The Sahiwal coal power plant was commissioned in 2017 and has been operational and integrated with the national grid since then. It is equipped with state-of-the-art measuring sensors as well as an SIS data storage system. All the sensors measuring the control variables involved in this study are hard sensors measuring the power plant’s different operating parameters. The data generated constitute a large number of variables, with each variable having randomly distributed values. It has been extensively reported in the literature that mining causal relationships out of such data is beyond the capability of any type of multi-variate regression technique. AI-based data analytic techniques perform significantly better for modeling such scenarios [39,58]. The sensors’ location for measuring the power plant’s different operating parameters is shown with numbers in Figure 2. The sensors make and model numbers are mentioned in Table 2.

3. AI-Based Data Visualization and Process Modeling

AI-based process models are developed to learn the complex, non-linear, and interacting relationship between the system’s input and output variables [59,60,61]. ANN and LSSVM are considered the most efficient approximation tools of AI and can generalize the relationship between input and output variables. These AI tools also have the proven ability to mine the hidden details in the training data, thereby ensure their reliable applications in real-world problems [40,62,63].

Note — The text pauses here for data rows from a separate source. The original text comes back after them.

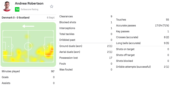 2.罗伯逊,丹麦0-0苏格兰,首发打满全场。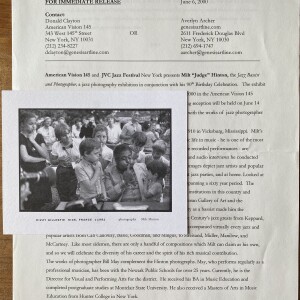 (Milt Hinton). Milt “The Judge” Hinton: A Memorial Exhibition of His Jazz Photographs, 1938 – 1986. Sidney Mishkin Gallery, Baruch College, New York, November 5, 6 – December 11, 2001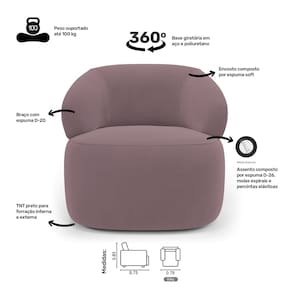 As percintas elásticas no assento aumentam a resistência e durabilidade, enquanto os braços, com espuma D-20, oferecem suporte adicional. A base em aço giratório e poliuretano não só permite uma rotação suave, mas também acrescenta um toque moderno ao seu espaço.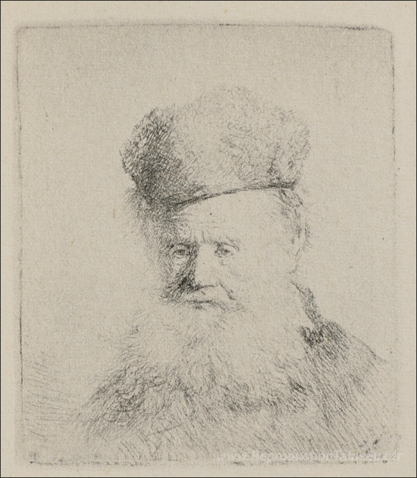 Nous vous proposons une reproduction artisanale sur toile du célèbre tableau 'Un homme avec une grande barbe et un basse capuchon en fourrure' de Rembrandt, provenant du Musée de la Reproduction.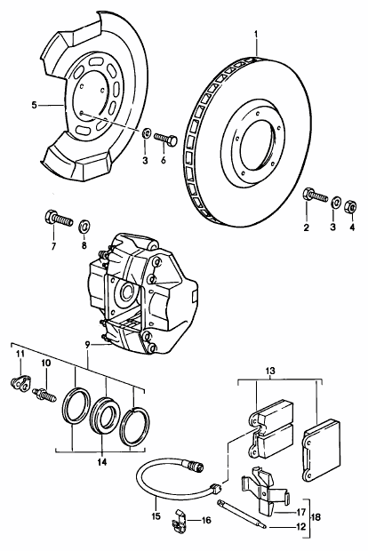 Front and rear calipers accept standard 930 brake pads and standard 911 brake hoses.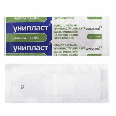 Набор лейкопластырей бактерицидных 20 шт., УНИПЛАСТ, 1,9х7,2 см, натуральные, 20024374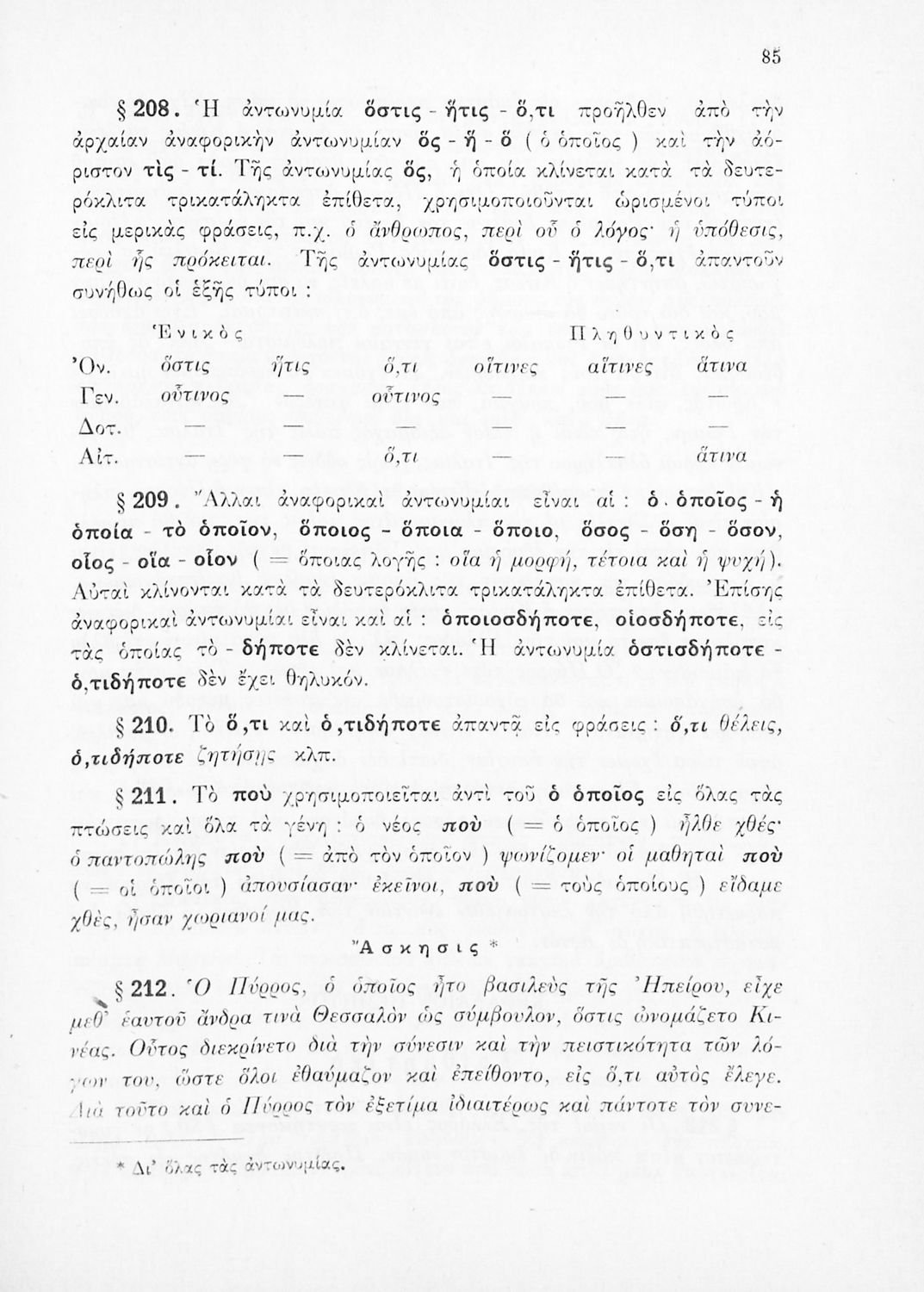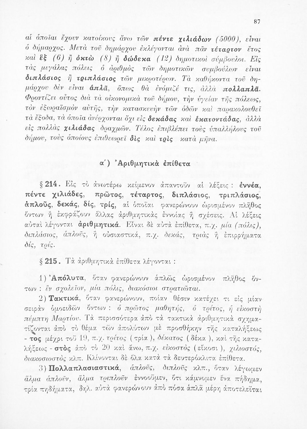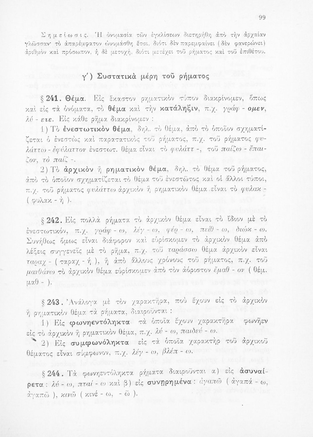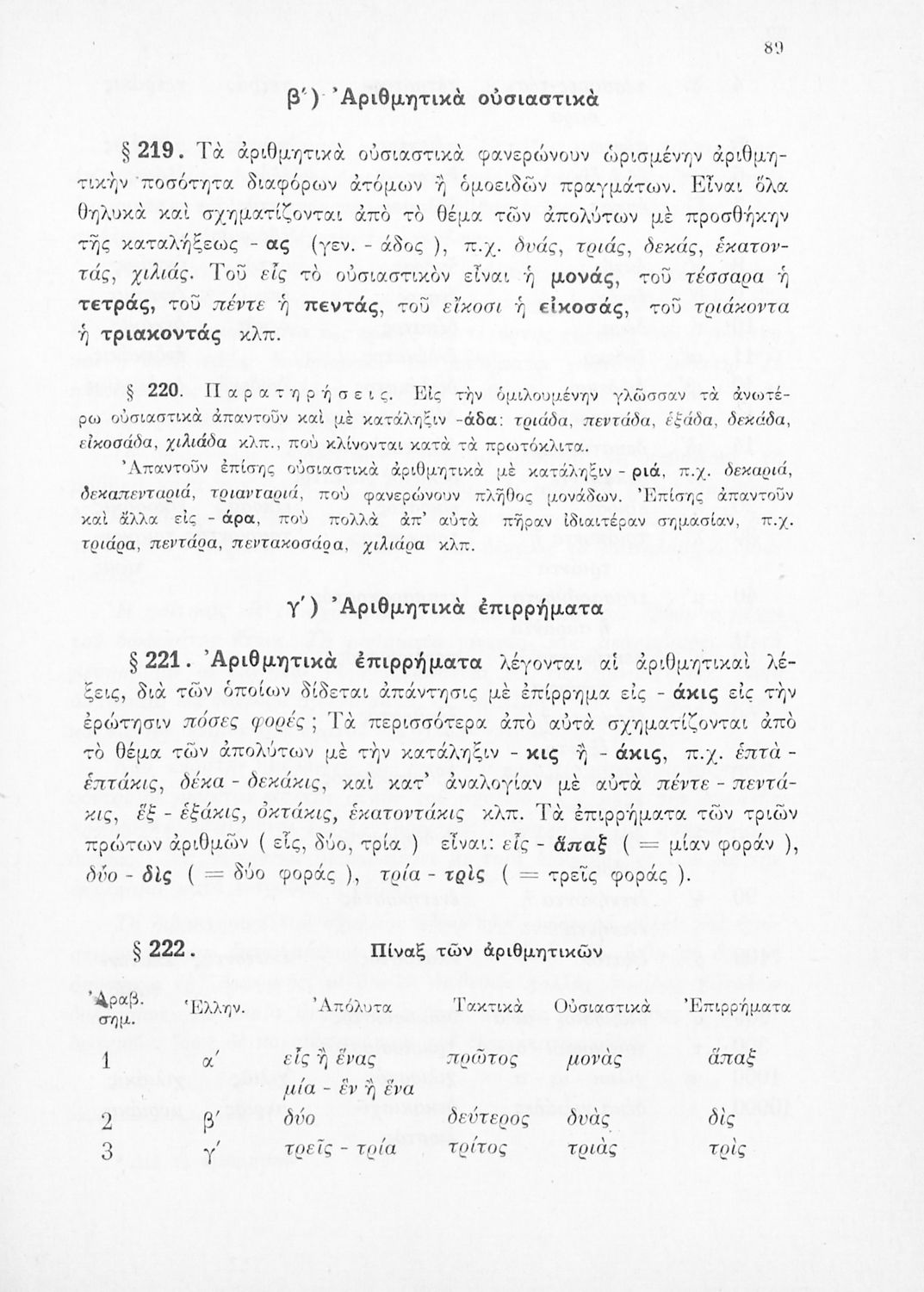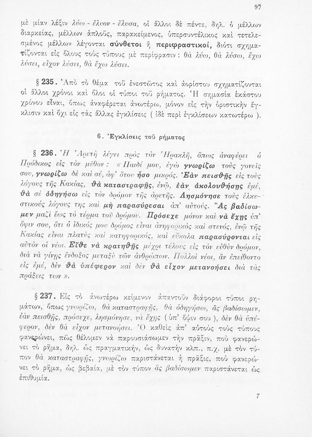 Σχολικό εγχειρίδιο Γλώσσας Δημοτικού που περιλαμβάνει τους κανόνες της γραμματικής και του συντακτικού της καθαρεύουσας.

3.1. Variables Selection for AI Process Modeling

In this paper, thirteen control variables were initially selected to model the 660 MW_e supercritical coal power plant’s η_thermal in Sahiwal, Pakistan. The variables were selected based upon the recommendation of experienced plant managers of the power plant and a comprehensive literature review [33,64,65,66,67,68]. Some control variables were controllable by the operator, e.g., the main steam temperature (MST), reheat steam temperature (RST), and oxygen content in flue gas at the boiler outlet (O₂). On the other hand, some control variables were uncontrollable during the power plant operation, e.g., turbine speed (N). The coal properties measured under the air-dried basis are listed in Table 3.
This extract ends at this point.